Activity
In the records below, reproduce exactly the lines from the one containing "CAPA ALMOFADA QUADRADA" through the one containing "更多设置页面提供了多项自定义", both included, and omit the pictures.

═════ Data supplied ═════

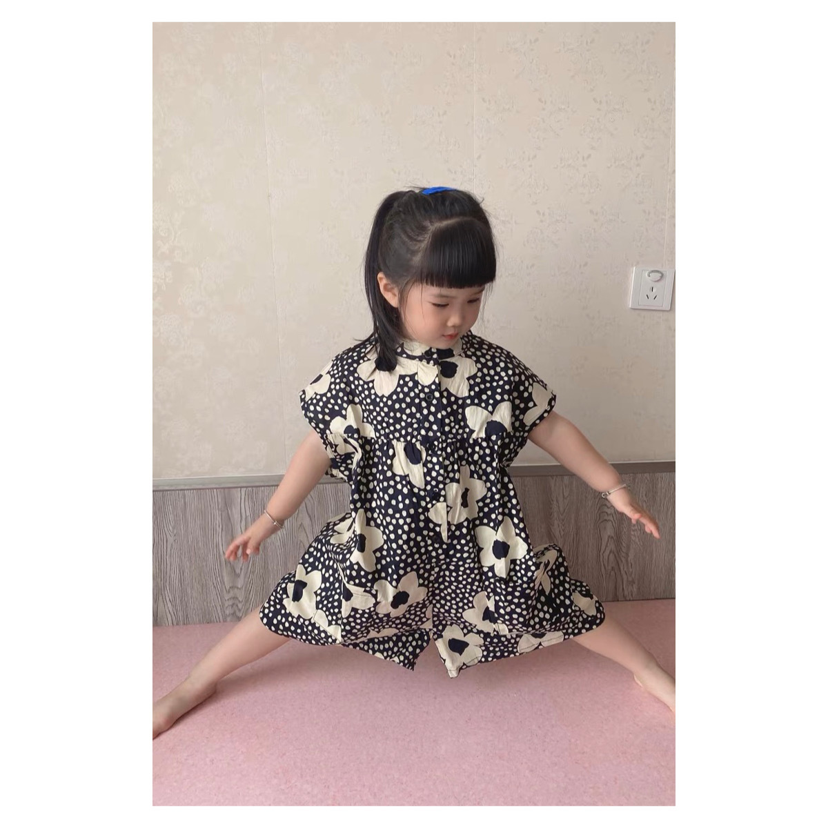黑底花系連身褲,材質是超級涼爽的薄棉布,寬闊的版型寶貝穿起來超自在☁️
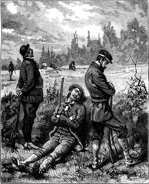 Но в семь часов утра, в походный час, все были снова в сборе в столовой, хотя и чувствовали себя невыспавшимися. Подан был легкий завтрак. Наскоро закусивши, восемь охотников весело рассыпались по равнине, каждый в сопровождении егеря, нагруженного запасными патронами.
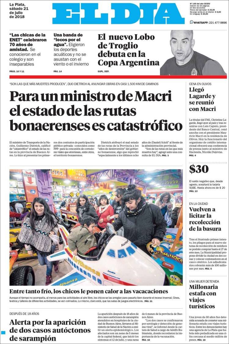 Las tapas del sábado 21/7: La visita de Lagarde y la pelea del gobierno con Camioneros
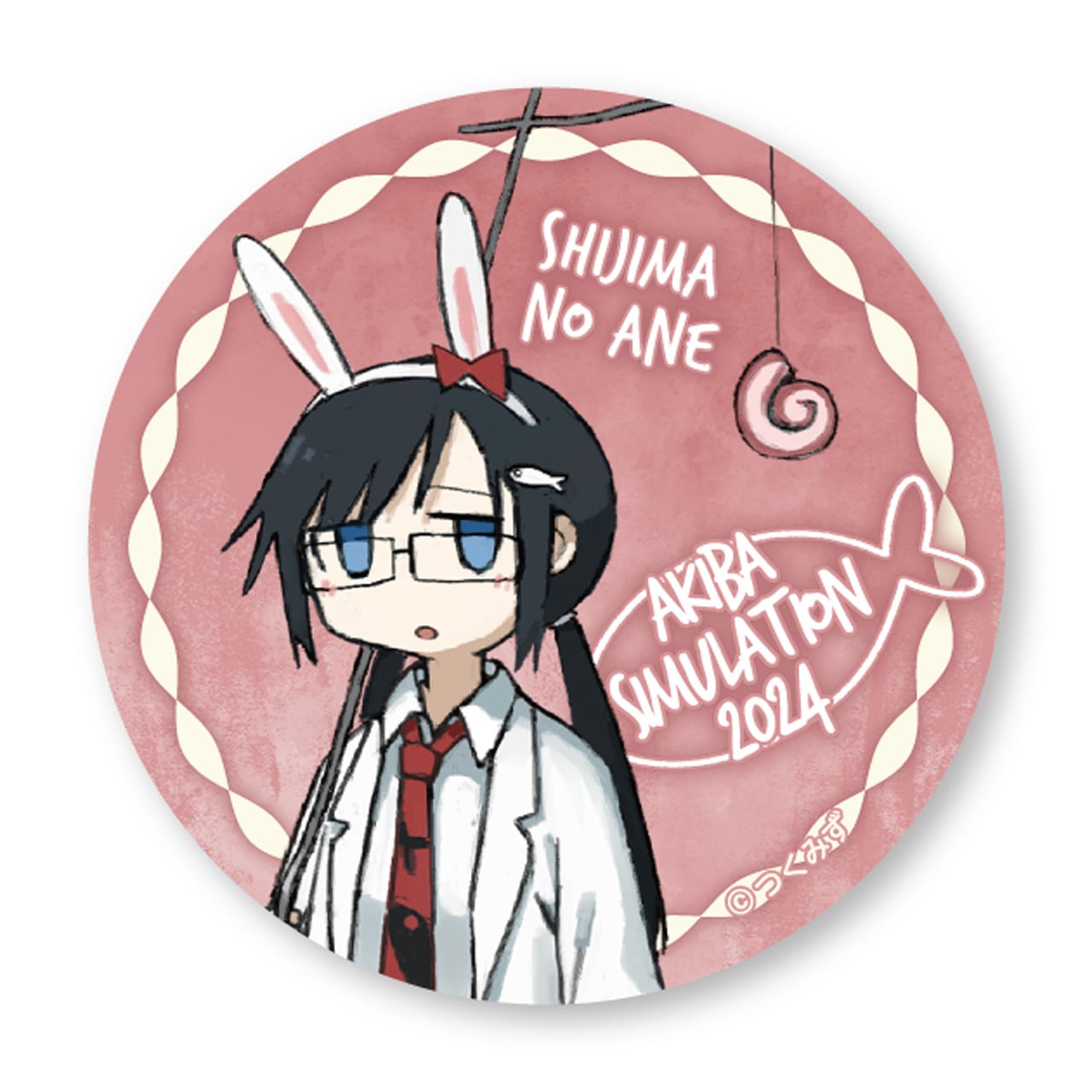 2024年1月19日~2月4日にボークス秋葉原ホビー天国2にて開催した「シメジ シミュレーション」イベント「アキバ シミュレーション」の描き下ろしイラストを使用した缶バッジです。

═════
═════ Data supplied ═════

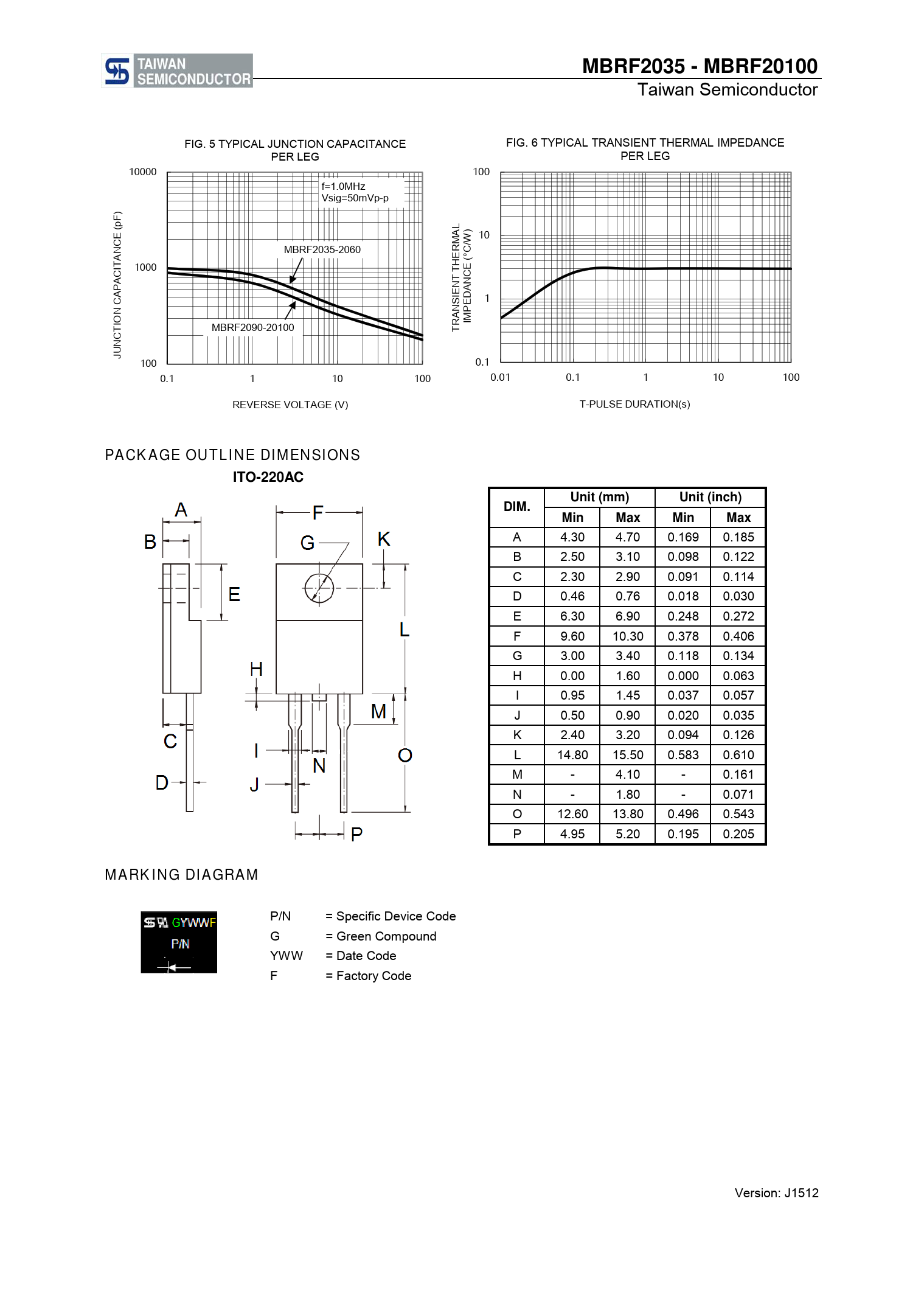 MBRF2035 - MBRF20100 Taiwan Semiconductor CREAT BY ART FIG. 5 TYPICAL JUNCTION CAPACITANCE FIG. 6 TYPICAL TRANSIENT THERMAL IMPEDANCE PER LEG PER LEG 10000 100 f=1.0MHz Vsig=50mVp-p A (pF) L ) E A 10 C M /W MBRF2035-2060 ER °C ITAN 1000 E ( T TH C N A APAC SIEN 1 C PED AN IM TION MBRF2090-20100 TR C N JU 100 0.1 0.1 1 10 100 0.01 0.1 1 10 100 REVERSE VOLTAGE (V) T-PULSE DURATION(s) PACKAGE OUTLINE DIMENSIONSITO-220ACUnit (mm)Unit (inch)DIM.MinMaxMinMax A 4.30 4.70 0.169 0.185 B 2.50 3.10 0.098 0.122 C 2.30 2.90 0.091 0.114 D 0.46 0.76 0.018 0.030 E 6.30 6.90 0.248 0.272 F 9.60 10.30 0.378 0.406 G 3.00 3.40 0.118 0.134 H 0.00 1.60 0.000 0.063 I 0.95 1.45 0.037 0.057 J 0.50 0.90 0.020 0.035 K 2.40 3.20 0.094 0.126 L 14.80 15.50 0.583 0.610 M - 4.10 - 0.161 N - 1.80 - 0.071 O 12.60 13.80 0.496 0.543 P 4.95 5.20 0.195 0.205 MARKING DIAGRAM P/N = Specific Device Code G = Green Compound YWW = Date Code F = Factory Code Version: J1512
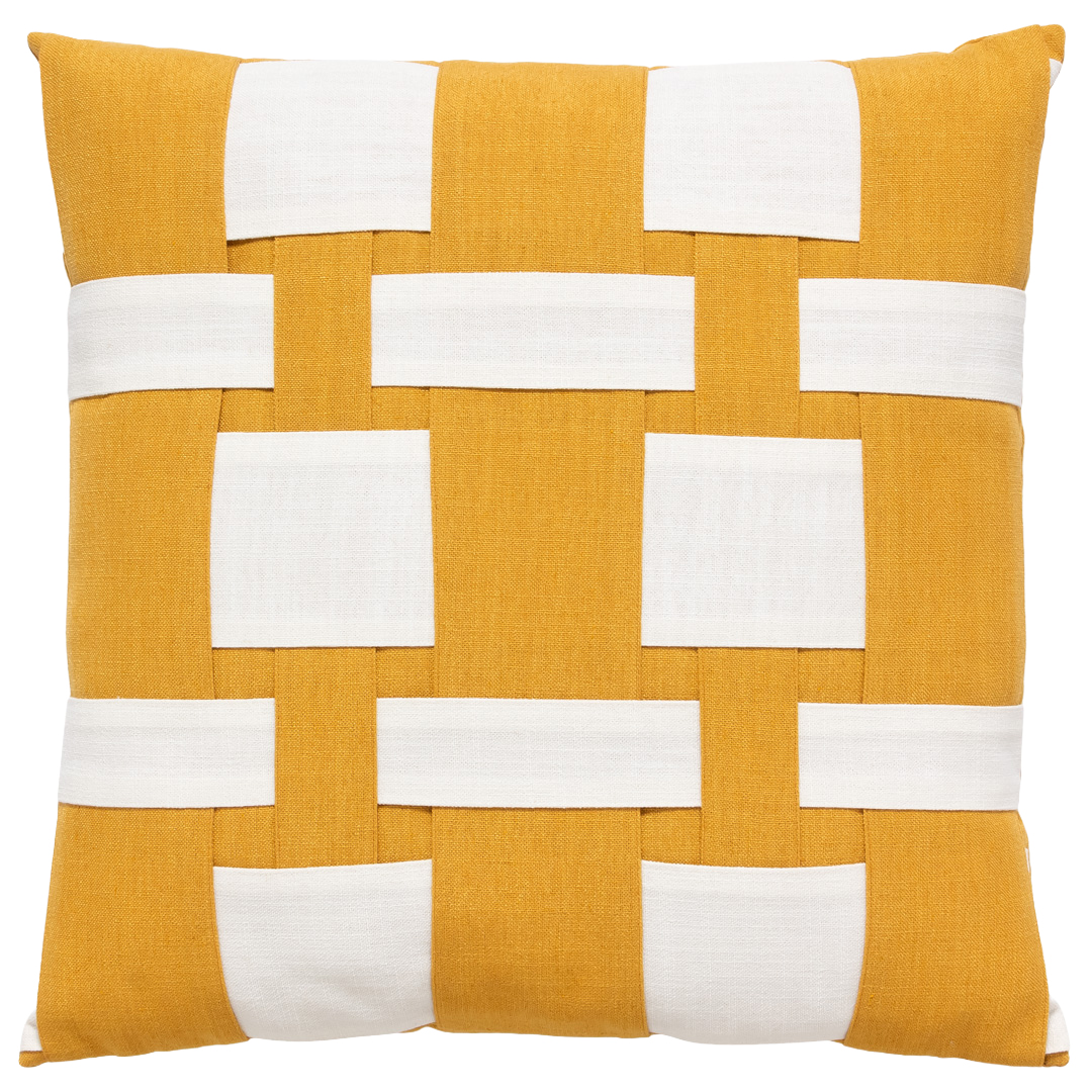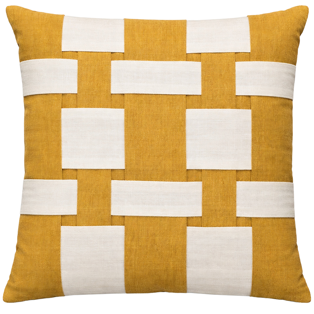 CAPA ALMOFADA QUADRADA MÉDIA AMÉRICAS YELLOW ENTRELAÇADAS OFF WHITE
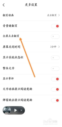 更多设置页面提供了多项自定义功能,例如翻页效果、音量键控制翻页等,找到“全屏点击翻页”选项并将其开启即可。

═════

Task answer
 CAPA ALMOFADA QUADRADA MÉDIA AMÉRICAS YELLOW ENTRELAÇADAS OFF WHITE
 更多设置页面提供了多项自定义功能,例如翻页效果、音量键控制翻页等,找到“全屏点击翻页”选项并将其开启即可。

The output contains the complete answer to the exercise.